_Record set:_
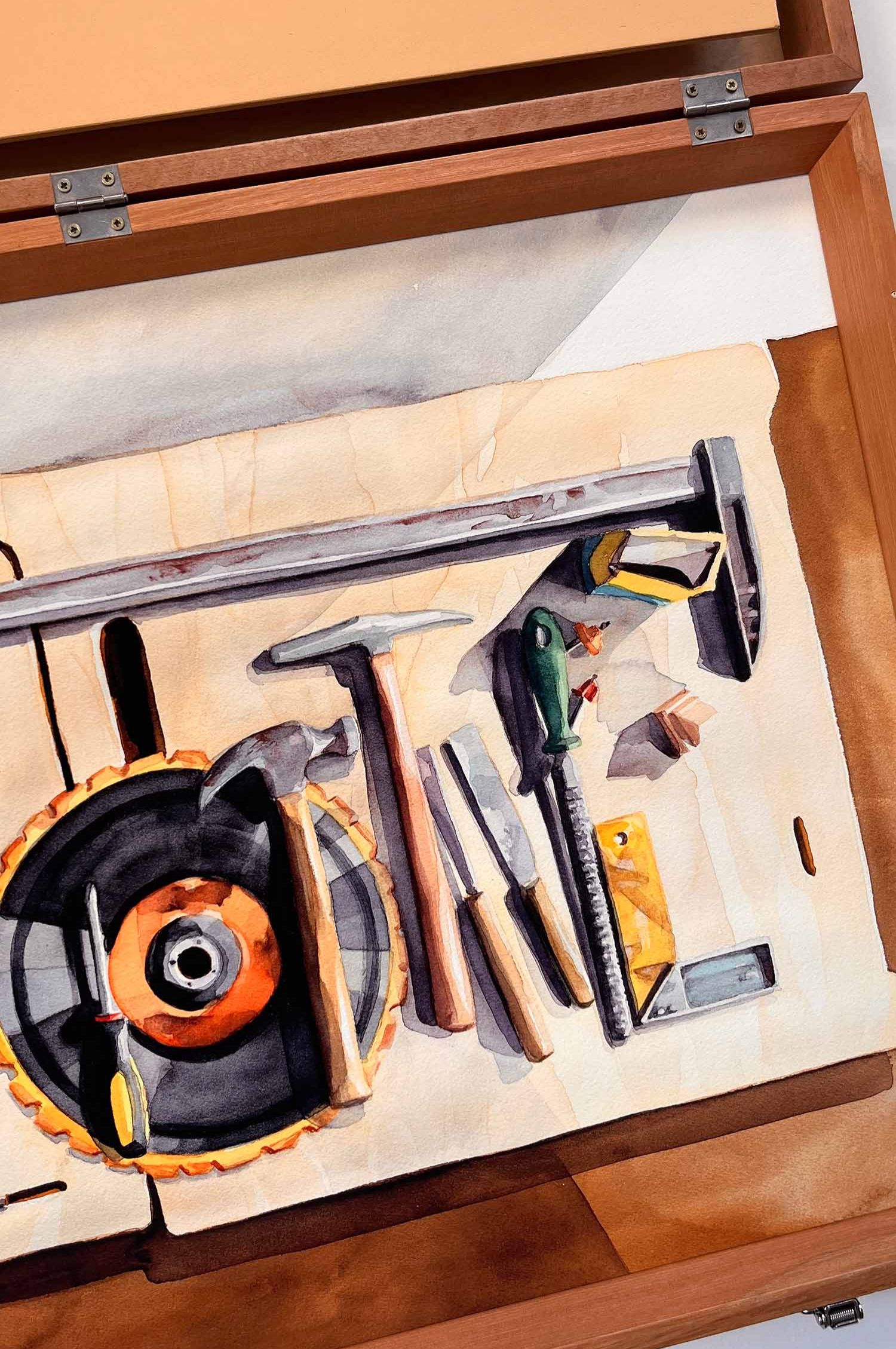 In meinem Haus wurde immer etwas gemacht. Meine Mutter hat zum Beispiel mit Öl gemalt, aber sie arbeitete auch mit Ton, Wollvlies und Holz. Es lagen also überall Materialien herum und diese Art von Aktivität war selbstverständlich. Mein Vater hingegen hat Antiquitäten restauriert. Er hat also immer Intarsie Arbeiten gemacht. Weißt du, was das ist? Es ist wie eine Art Schmuckarbeit mit kleinen Holzstücken, verschiedenen Holztönen oder verschiedenen Hölzern, die zusammengefügt werden, um zum Beispiel Blumenarrangements oder geometrische Figuren zu bilden. Ich weiß nicht, verschiedene Dinge. Ja, tatsächlich komme ich aus einer sehr ruhelosen Familie in dieser Hinsicht. Man sagt sogar, dass mein Ururgroßvater Ende des 19. Jahrhunderts aus Spanien kam, um Kirchen zu malen, stell dir das vor. Es ist also mehr als nur das Interesse. Ich glaube, meine Annäherung kommt daher, dass ich Werkzeuge schon immer als etwas Natürliches aufgenommen habe und instinktiv schon wusste, wie man sie benutzt.
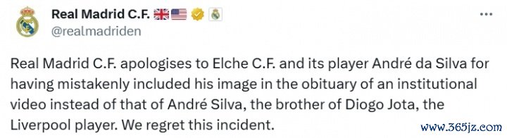 皇家马德里足球俱乐部就机构缅念念视频中误将埃尔切足球俱乐部球员安德烈·达·席尔瓦的画面纳入(该画面本应为利物浦球员迪奥戈·若塔的昆仲安德烈·席尔瓦),向埃尔切俱乐部及安德烈·达·席尔瓦本东说念主致歉。咱们对此事深表歉意。
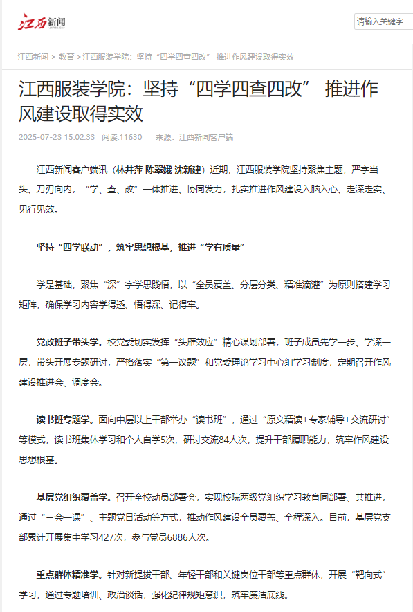 江西新闻:江西服装学院:坚持“四学四查四改” 推进作风建设取得实效
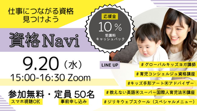 そんなママたちへ。副業や新たなお仕事にもつながる、新しい分野の資格をご紹介する「資格Navi」を開催します。
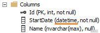 Чтобы создать в базе колонку с типом DateTime нужно в C# классе написать :
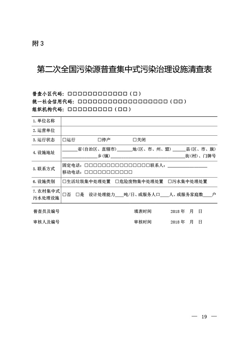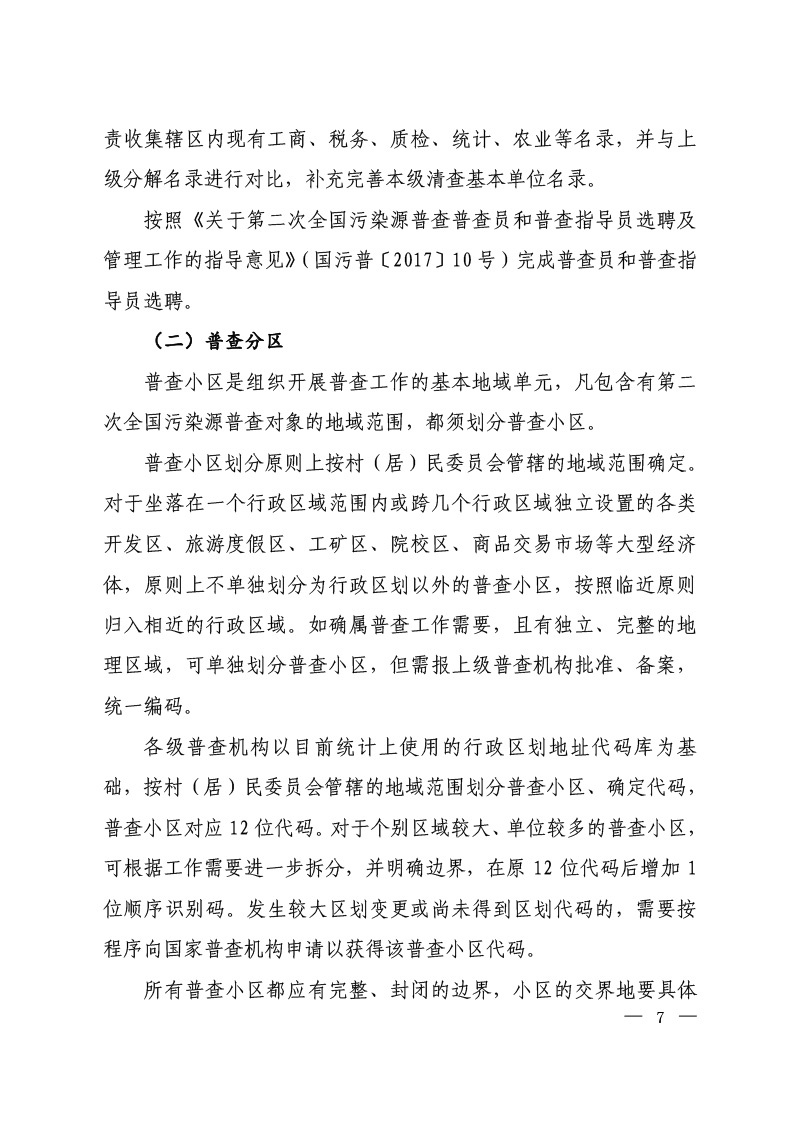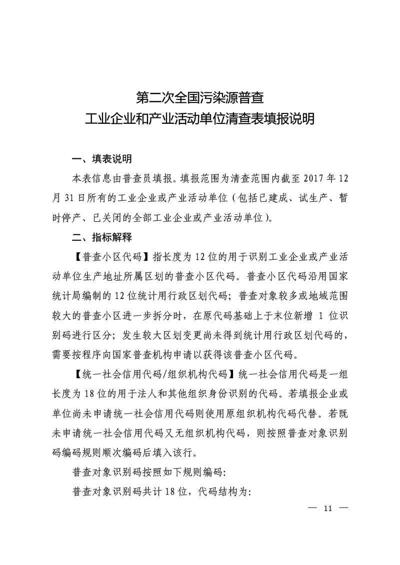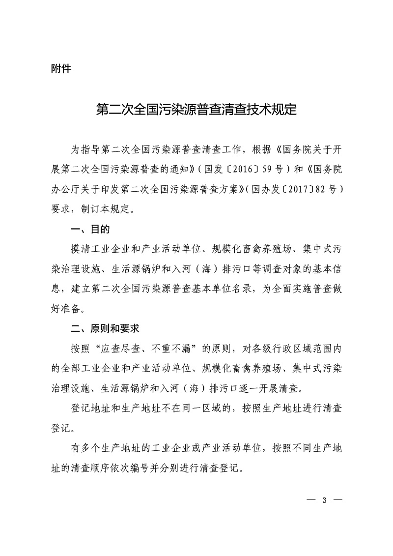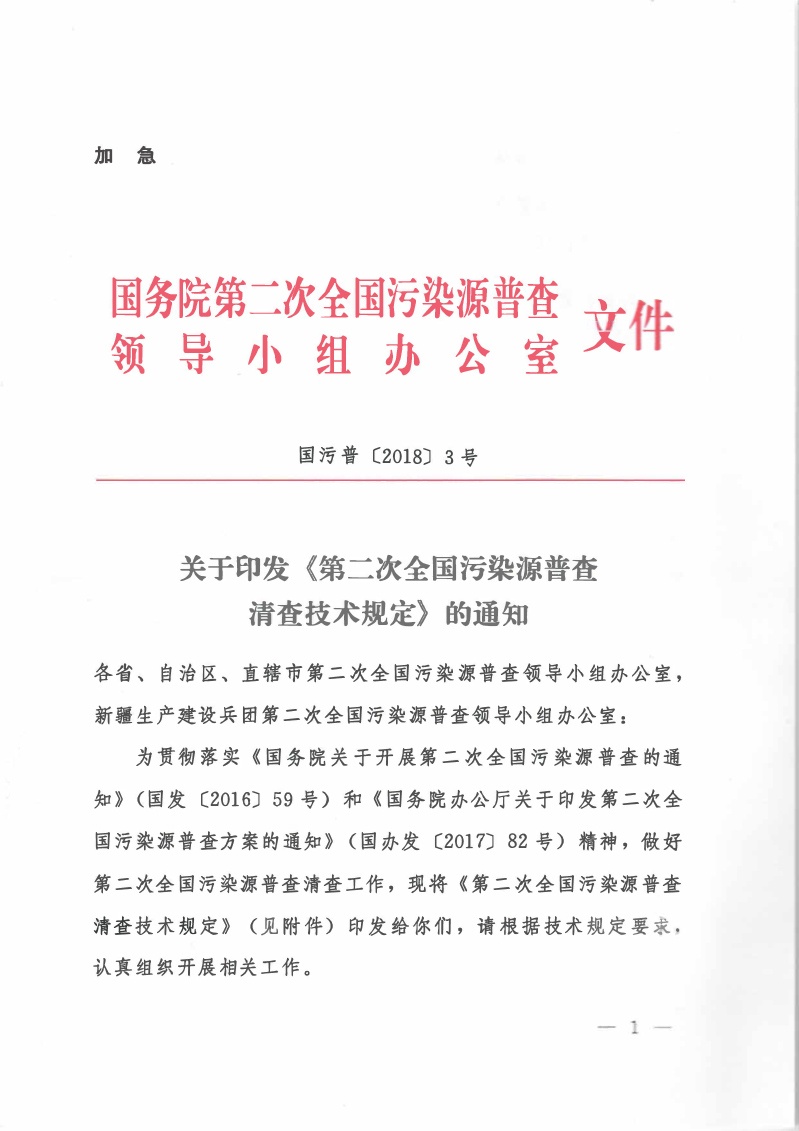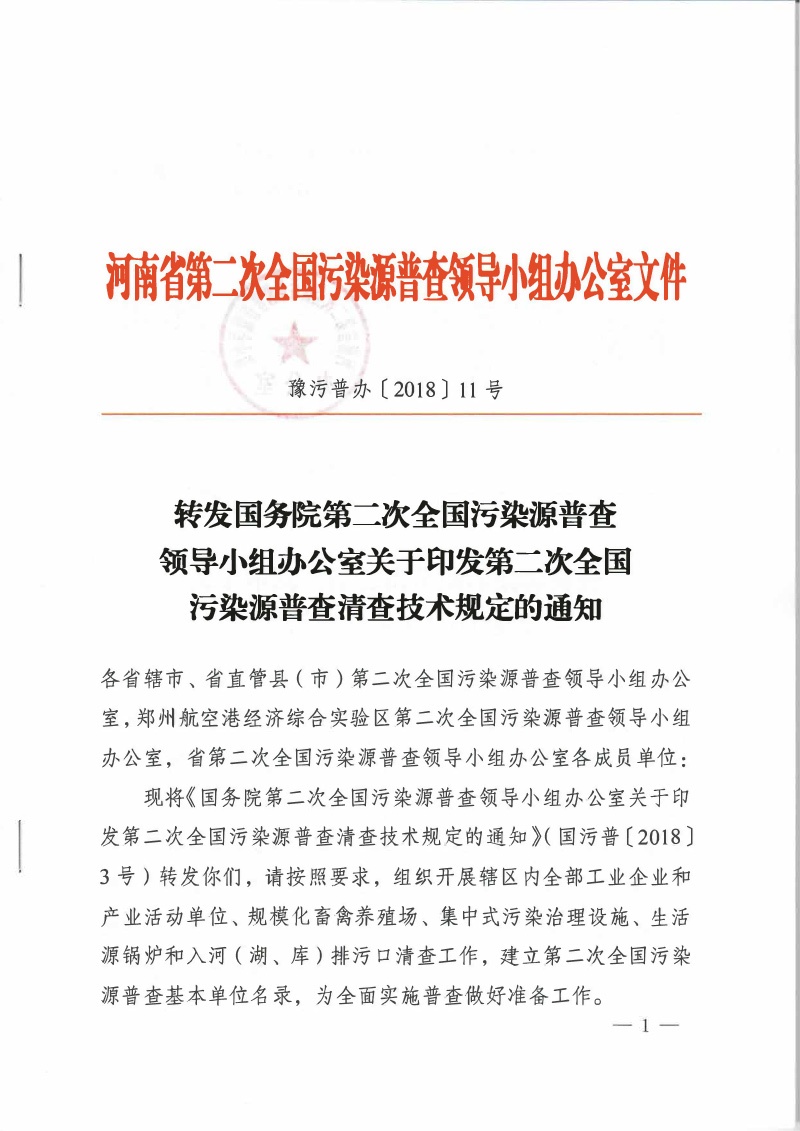 豫污普辦【2018】11號轉發國務院第二次全國污染源普查領導小組辦公室關于印發第二次全國污染源普查清查技術規定的通知

_Exercise objective:_
Pictures stay out of this copy; write out the entries above exactly.

_Answer section:_
 In meinem Haus wurde immer etwas gemacht. Meine Mutter hat zum Beispiel mit Öl gemalt, aber sie arbeitete auch mit Ton, Wollvlies und Holz. Es lagen also überall Materialien herum und diese Art von Aktivität war selbstverständlich. Mein Vater hingegen hat Antiquitäten restauriert. Er hat also immer Intarsie Arbeiten gemacht. Weißt du, was das ist? Es ist wie eine Art Schmuckarbeit mit kleinen Holzstücken, verschiedenen Holztönen oder verschiedenen Hölzern, die zusammengefügt werden, um zum Beispiel Blumenarrangements oder geometrische Figuren zu bilden. Ich weiß nicht, verschiedene Dinge. Ja, tatsächlich komme ich aus einer sehr ruhelosen Familie in dieser Hinsicht. Man sagt sogar, dass mein Ururgroßvater Ende des 19. Jahrhunderts aus Spanien kam, um Kirchen zu malen, stell dir das vor. Es ist also mehr als nur das Interesse. Ich glaube, meine Annäherung kommt daher, dass ich Werkzeuge schon immer als etwas Natürliches aufgenommen habe und instinktiv schon wusste, wie man sie benutzt.
 皇家马德里足球俱乐部就机构缅念念视频中误将埃尔切足球俱乐部球员安德烈·达·席尔瓦的画面纳入(该画面本应为利物浦球员迪奥戈·若塔的昆仲安德烈·席尔瓦),向埃尔切俱乐部及安德烈·达·席尔瓦本东说念主致歉。咱们对此事深表歉意。
 江西新闻:江西服装学院:坚持“四学四查四改” 推进作风建设取得实效
 そんなママたちへ。副業や新たなお仕事にもつながる、新しい分野の資格をご紹介する「資格Navi」を開催します。
 Чтобы создать в базе колонку с типом DateTime нужно в C# классе написать :
 豫污普辦【2018】11號轉發國務院第二次全國污染源普查領導小組辦公室關于印發第二次全國污染源普查清查技術規定的通知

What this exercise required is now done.